The art of automation

我的 Raspberry Pi Zero 2W 折腾笔记,记录一些遇到的问题和解决办法

Programming philosophy - automatic loading, dependency injection and control inversion

大文件如何快速上传?

UML project example -- UML diagram description of tiktok
随机推荐
[thymeleaf] handle null values and use safe operators
I/O复用的高级应用:同时处理 TCP 和 UDP 服务
解决computed属性与input的blur事件冲突问题
Don't you know the usage scenario of the responsibility chain model?
Advanced version of array simulation queue - ring queue (real queuing)
1-初识Go语言
大文件如何快速上传?
Mds55-16-asemi rectifier module mds55-16
Epolloneshot event of epoll -- instance program
Set up an AI team in the game world and start the super parametric multi-agent "chaos fight"
JUC学习记录(2022.4.22)
js——實現點擊複制功能
LeetCode165-比较版本号-双指针-字符串
January 1, 1990 is Monday.
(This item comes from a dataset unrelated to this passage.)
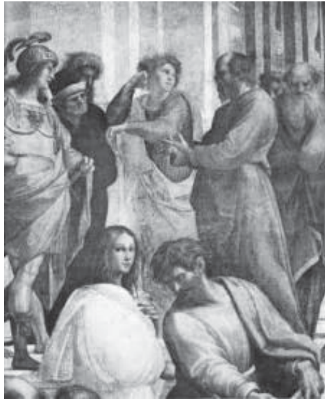
Socrates by Raphael

—To be continued in the next issue of the Human Life Review.

Define the function date_ to_ Week (year, month, day), which realizes the function of returning the day of the week after inputting the year, month and day, such as date_ to
Introduction to distributed transaction Seata
Practice of unified storage technology of oppo data Lake
Detailed comparison between asemi three-phase rectifier bridge and single-phase rectifier bridge
like和regexp差别
Share 20 tips for ES6 that should not be missed
What is the main purpose of PCIe X1 slot?